(Collected data)
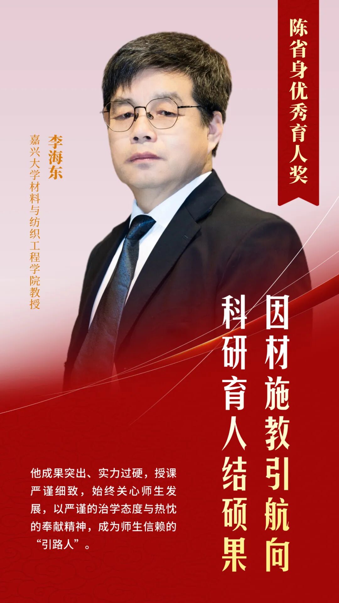 李海东,男,二级教授,材料与纺织工程学院原副院长、G60研究院纳米技术研究中心原负责人,获“我心目中的好老师”,在科研与教学领域均展现出卓越能力与担当。
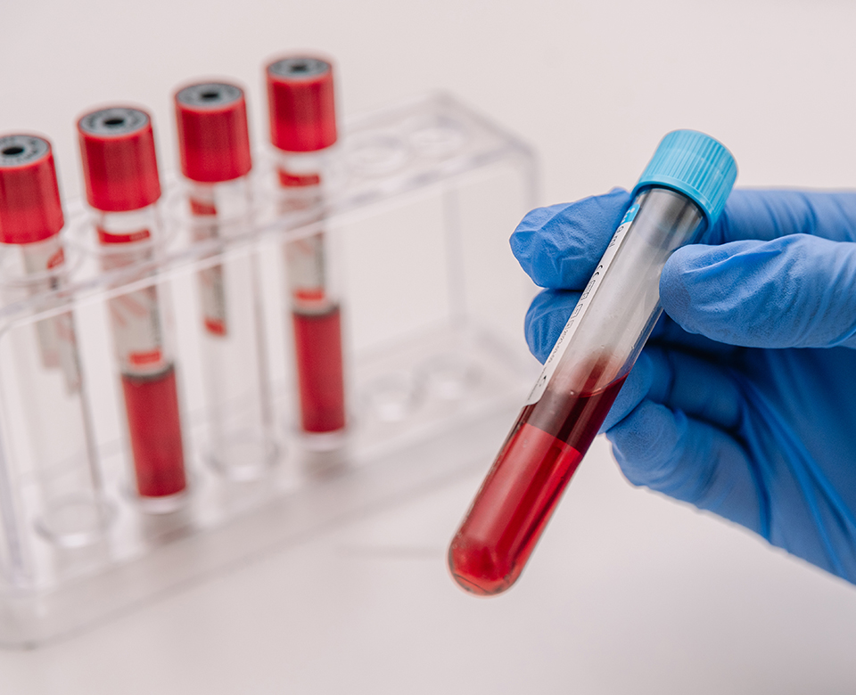 환자의 팔에서 10ml의 소량의 혈액을 채취합니다.
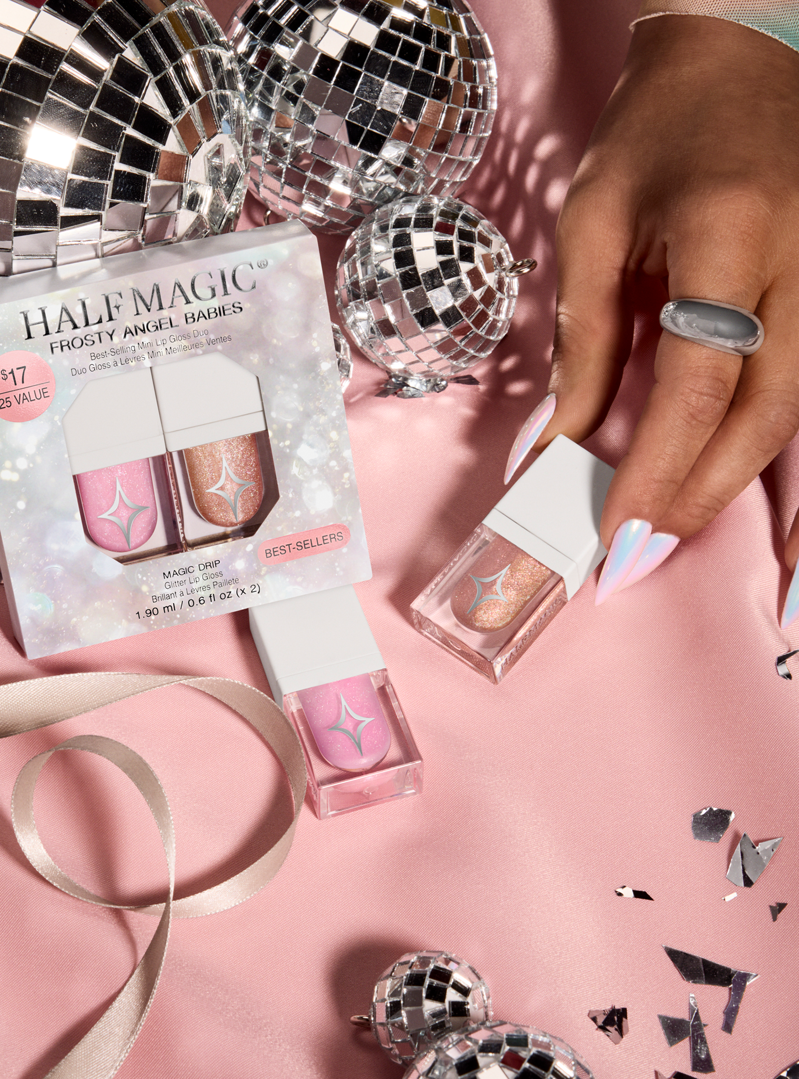 Who said minis can’t pack a punch? Small enough for your tiniest purse, but big enough for a full-on sparkle moment. This duo includes two best-selling shades of Magic Drip Glitter Lip Gloss – Y2K Cherub, a soft, shimmering baby pink, and Frosty B*tch, an icy peach with multicolored reflects. Coat your lips in this plush, high-cushion formula for luscious lip dimension that never ever feels sticky or tacky.
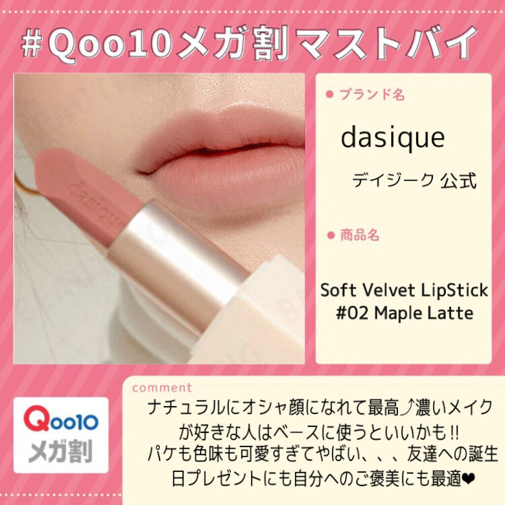 dasique★ソフトベルベットリップスティック02メープルラテ高級感あるデザインです!磁石で閉まるので閉めやすかったです!色もかわいいブラウンぽいカラーでイエベさんも、使いやすいです乾燥しにくいテクスチャーでマットリップ苦手な方でも使えます...
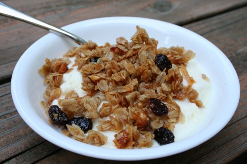 And here’s how I make granola (no stirring required while baking!)
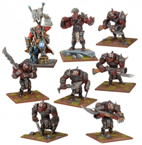 Ogres are extremely strong, and so can wield heavy swords and shields. The armour of the younger warriors is generally of tough hide, but once they join the ranks of a mercenary band an Ogre will spend his first few months’ pay on proper armour of thick iron plate. Ogres may carry either giant crossbows the size of small ballistae or fearsome blunderbusses that are more akin to short-ranged cannons than any firearm a man might wield. Their first loyalty is to their captain, but a close second, and who seems to get an unusual amount of protection on the battlefield, is the company paymaster.
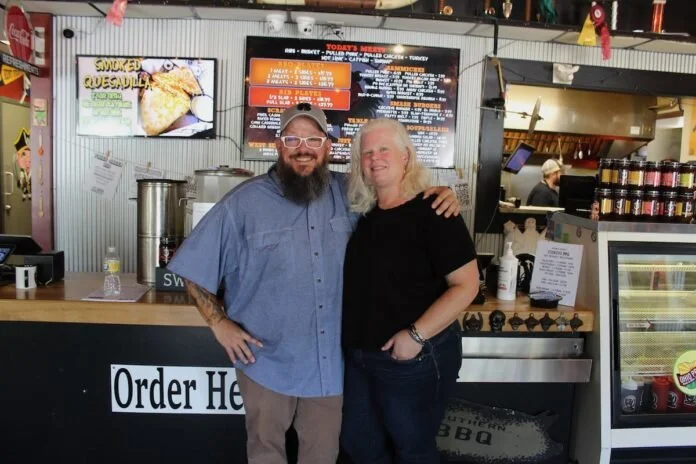 Erik Hoover and his wife, Stacey, stand in the entrance to Cockeye BBQ in Warren, Ohio, on Aug. 24. (Rachel Wagoner photo)
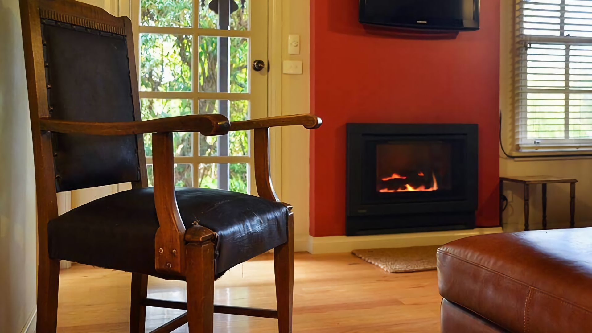 The cottage indoor space is split between the spacious living room and the bedroom with its en-suite. The living area is brightened by natural light filtering in through the windows and glass doors, which offer views of the garden. A large, plush leather couch invites lodgers to relax and watch some TV. For chilly nights, get the fireplace crackling and enjoy the intimate atmosphere.
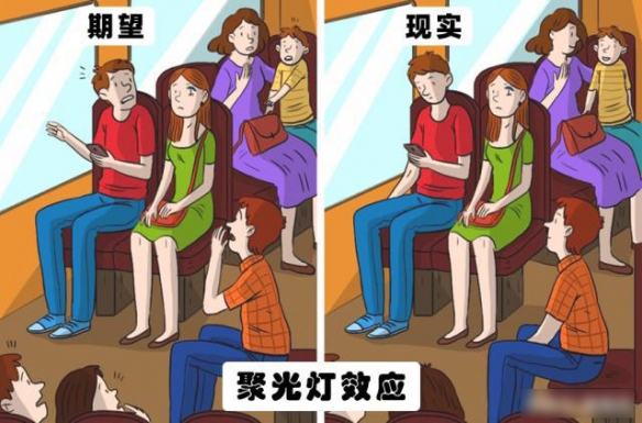 聚光灯效应往往指的是一个人过度夸大了对于自身关注的焦点,仿佛在生活中所有的目光都集中在自己的身上,从而将自身所有的错误或缺陷放大。比如某一天,一个人没有画好眼妆便出了门,而她一路上都感到不适,感觉路上的行人们都在不断的盯着自己看,觉得自己比以往要丑陋得多。但事实上,你得明白,大多数的人都很忙,而且一路上的风景.行人很多,没有人会非常无聊的盯着一个陌生人不停的看,甚至注意这个陌生人身上的一切。来自美国康奈尔大学的心理学研究工作者们就曾经进行过一项实验,他们让一些人穿上了印有错误印花图案的T恤外出,并且计算到底有多少行人注意到了错误。然而没有注意到的人比注意到的人数至少多出两倍。
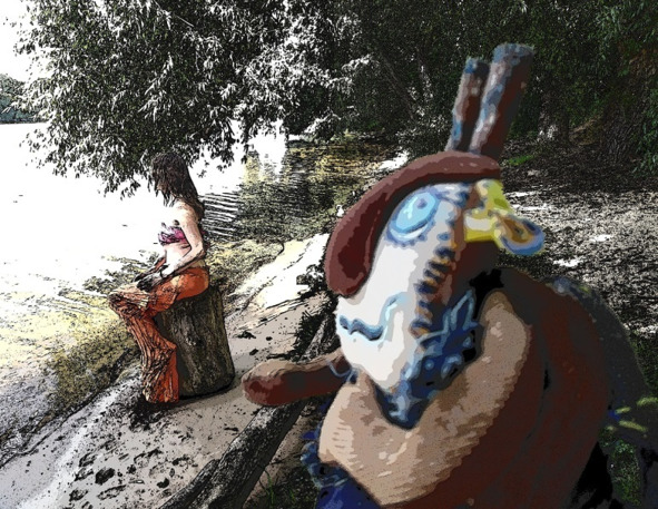 Лодочку подхватило течение. Квакахрям был очень счастлив! Он изо всех сил махал лапами прекрасной незнакомке, пока не услышал за спиной какое-то шипение. Оглянувшись, он увидел, что веревка распалась на множество черных змей, которые расползаются в разные стороны. Удивившись, Квакахрям посмотрел вслед уплывающей лодке. Тут девушка как раз взмахнула веслом и посмотрела назад. Квакахрям похолодел. Злая Волшебница!
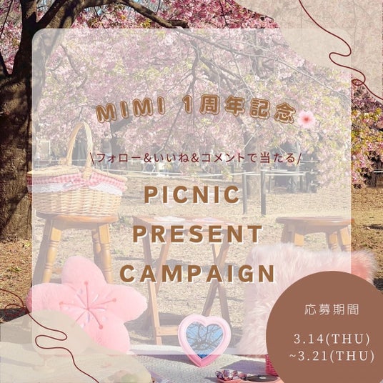株式会社ミミフィーユ(所在地:東京都新宿区)が運営する「ピクニックレンタルMimi」は、3月14日に1周年を迎えました!Mimiの1周年を記念して、抽選でピクニックレンタルを無料でプレゼント致します!
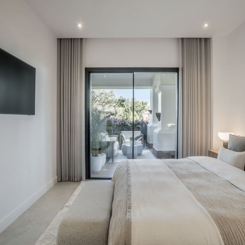 introducing, Altos Reales 1 a newly renovated 3 bedroom and 3 bathroom ground floor apartment in the exclusive community of Altos Reales in Sierra Blanca. Where every aspect of this apartment has been carefully designed to create a unique living experience: elegant floors, high-ceiling, contemporary custom wood carpentry and wardrobes, natural fabrics and textures, an open designer kitchen with Miele appliances.
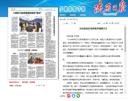 3月29日《陕西日报》刊登我校民族学生教育工作。

The task: What the answer needs is every line from the one containing "The cottage indoor" through the final line of the data above, copied exactly, without pictures.

Answer area:
 The cottage indoor space is split between the spacious living room and the bedroom with its en-suite. The living area is brightened by natural light filtering in through the windows and glass doors, which offer views of the garden. A large, plush leather couch invites lodgers to relax and watch some TV. For chilly nights, get the fireplace crackling and enjoy the intimate atmosphere.
 聚光灯效应往往指的是一个人过度夸大了对于自身关注的焦点,仿佛在生活中所有的目光都集中在自己的身上,从而将自身所有的错误或缺陷放大。比如某一天,一个人没有画好眼妆便出了门,而她一路上都感到不适,感觉路上的行人们都在不断的盯着自己看,觉得自己比以往要丑陋得多。但事实上,你得明白,大多数的人都很忙,而且一路上的风景.行人很多,没有人会非常无聊的盯着一个陌生人不停的看,甚至注意这个陌生人身上的一切。来自美国康奈尔大学的心理学研究工作者们就曾经进行过一项实验,他们让一些人穿上了印有错误印花图案的T恤外出,并且计算到底有多少行人注意到了错误。然而没有注意到的人比注意到的人数至少多出两倍。
 Лодочку подхватило течение. Квакахрям был очень счастлив! Он изо всех сил махал лапами прекрасной незнакомке, пока не услышал за спиной какое-то шипение. Оглянувшись, он увидел, что веревка распалась на множество черных змей, которые расползаются в разные стороны. Удивившись, Квакахрям посмотрел вслед уплывающей лодке. Тут девушка как раз взмахнула веслом и посмотрела назад. Квакахрям похолодел. Злая Волшебница!
株式会社ミミフィーユ(所在地:東京都新宿区)が運営する「ピクニックレンタルMimi」は、3月14日に1周年を迎えました!Mimiの1周年を記念して、抽選でピクニックレンタルを無料でプレゼント致します!
 introducing, Altos Reales 1 a newly renovated 3 bedroom and 3 bathroom ground floor apartment in the exclusive community of Altos Reales in Sierra Blanca. Where every aspect of this apartment has been carefully designed to create a unique living experience: elegant floors, high-ceiling, contemporary custom wood carpentry and wardrobes, natural fabrics and textures, an open designer kitchen with Miele appliances.
 3月29日《陕西日报》刊登我校民族学生教育工作。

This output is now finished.